**Work required:** Beginning with the line that contains "315Hzの信号が記録された" in the material below, print each line exactly until the line that contains "This is the" has been printed, then stop.

**Materials provided:**
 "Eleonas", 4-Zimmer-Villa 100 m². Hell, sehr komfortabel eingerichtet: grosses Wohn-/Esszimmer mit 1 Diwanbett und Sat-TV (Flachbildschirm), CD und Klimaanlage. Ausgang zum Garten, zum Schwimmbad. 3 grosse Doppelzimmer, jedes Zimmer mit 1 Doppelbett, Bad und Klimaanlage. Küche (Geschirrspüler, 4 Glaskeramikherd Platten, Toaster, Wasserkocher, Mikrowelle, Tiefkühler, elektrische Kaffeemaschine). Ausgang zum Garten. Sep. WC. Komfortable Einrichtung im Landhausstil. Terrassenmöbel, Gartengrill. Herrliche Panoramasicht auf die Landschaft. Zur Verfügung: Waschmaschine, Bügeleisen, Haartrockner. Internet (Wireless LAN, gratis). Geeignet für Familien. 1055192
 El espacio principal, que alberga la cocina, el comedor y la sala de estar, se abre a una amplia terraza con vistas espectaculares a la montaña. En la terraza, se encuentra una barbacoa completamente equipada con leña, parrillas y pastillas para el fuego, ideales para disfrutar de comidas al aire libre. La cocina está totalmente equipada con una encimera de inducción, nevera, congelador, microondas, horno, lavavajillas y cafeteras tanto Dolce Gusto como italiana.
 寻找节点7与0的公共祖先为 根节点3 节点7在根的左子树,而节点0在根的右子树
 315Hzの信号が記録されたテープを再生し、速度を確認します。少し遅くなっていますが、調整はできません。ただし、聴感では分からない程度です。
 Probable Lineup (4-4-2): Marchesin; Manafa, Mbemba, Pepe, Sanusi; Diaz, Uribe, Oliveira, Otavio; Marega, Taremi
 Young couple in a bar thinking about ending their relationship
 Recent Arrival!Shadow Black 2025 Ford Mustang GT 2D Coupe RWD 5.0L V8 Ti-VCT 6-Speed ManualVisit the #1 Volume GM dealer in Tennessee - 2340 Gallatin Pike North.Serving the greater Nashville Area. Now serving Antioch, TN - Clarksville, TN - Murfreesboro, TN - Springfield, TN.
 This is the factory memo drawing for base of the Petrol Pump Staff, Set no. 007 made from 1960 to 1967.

--

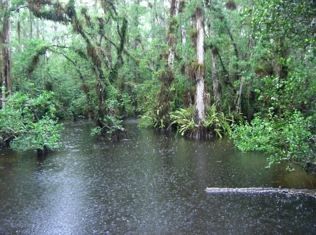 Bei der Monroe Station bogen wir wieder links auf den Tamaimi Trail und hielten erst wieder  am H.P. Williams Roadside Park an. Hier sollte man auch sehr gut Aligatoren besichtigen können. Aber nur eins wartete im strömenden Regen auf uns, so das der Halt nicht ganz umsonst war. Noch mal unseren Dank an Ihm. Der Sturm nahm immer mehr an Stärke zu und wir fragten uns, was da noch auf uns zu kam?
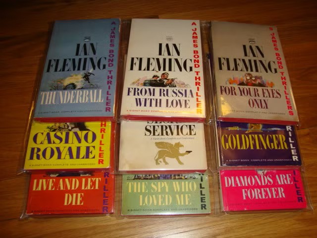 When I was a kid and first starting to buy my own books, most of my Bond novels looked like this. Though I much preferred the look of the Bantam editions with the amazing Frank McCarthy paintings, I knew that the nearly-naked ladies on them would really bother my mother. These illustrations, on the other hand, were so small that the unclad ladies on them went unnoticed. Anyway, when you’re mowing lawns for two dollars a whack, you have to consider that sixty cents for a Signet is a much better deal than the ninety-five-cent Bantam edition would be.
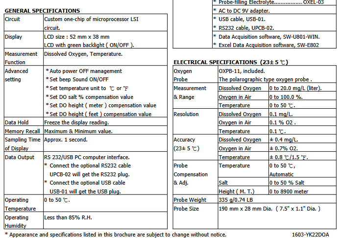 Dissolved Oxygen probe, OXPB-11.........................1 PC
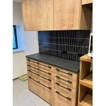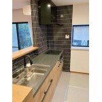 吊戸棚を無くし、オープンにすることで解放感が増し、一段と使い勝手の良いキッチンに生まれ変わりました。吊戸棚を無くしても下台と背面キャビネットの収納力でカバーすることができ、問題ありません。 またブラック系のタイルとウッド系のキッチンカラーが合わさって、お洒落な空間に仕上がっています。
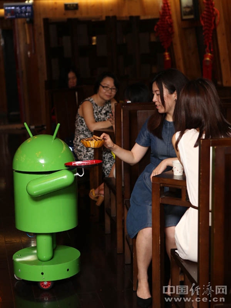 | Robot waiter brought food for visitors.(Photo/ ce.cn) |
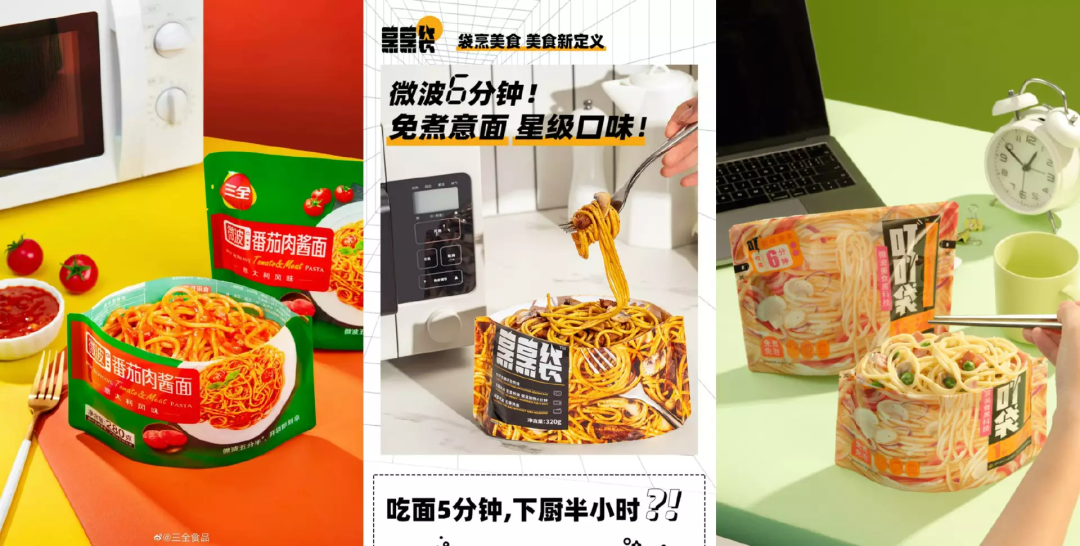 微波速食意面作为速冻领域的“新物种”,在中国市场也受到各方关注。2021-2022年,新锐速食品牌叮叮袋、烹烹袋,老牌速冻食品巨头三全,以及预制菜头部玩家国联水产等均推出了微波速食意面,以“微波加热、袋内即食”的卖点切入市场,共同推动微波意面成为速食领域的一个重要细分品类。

**Response to this exercise:**
 315Hzの信号が記録されたテープを再生し、速度を確認します。少し遅くなっていますが、調整はできません。ただし、聴感では分からない程度です。
 Probable Lineup (4-4-2): Marchesin; Manafa, Mbemba, Pepe, Sanusi; Diaz, Uribe, Oliveira, Otavio; Marega, Taremi
 Young couple in a bar thinking about ending their relationship
 Recent Arrival!Shadow Black 2025 Ford Mustang GT 2D Coupe RWD 5.0L V8 Ti-VCT 6-Speed ManualVisit the #1 Volume GM dealer in Tennessee - 2340 Gallatin Pike North.Serving the greater Nashville Area. Now serving Antioch, TN - Clarksville, TN - Murfreesboro, TN - Springfield, TN.
 This is the factory memo drawing for base of the Petrol Pump Staff, Set no. 007 made from 1960 to 1967.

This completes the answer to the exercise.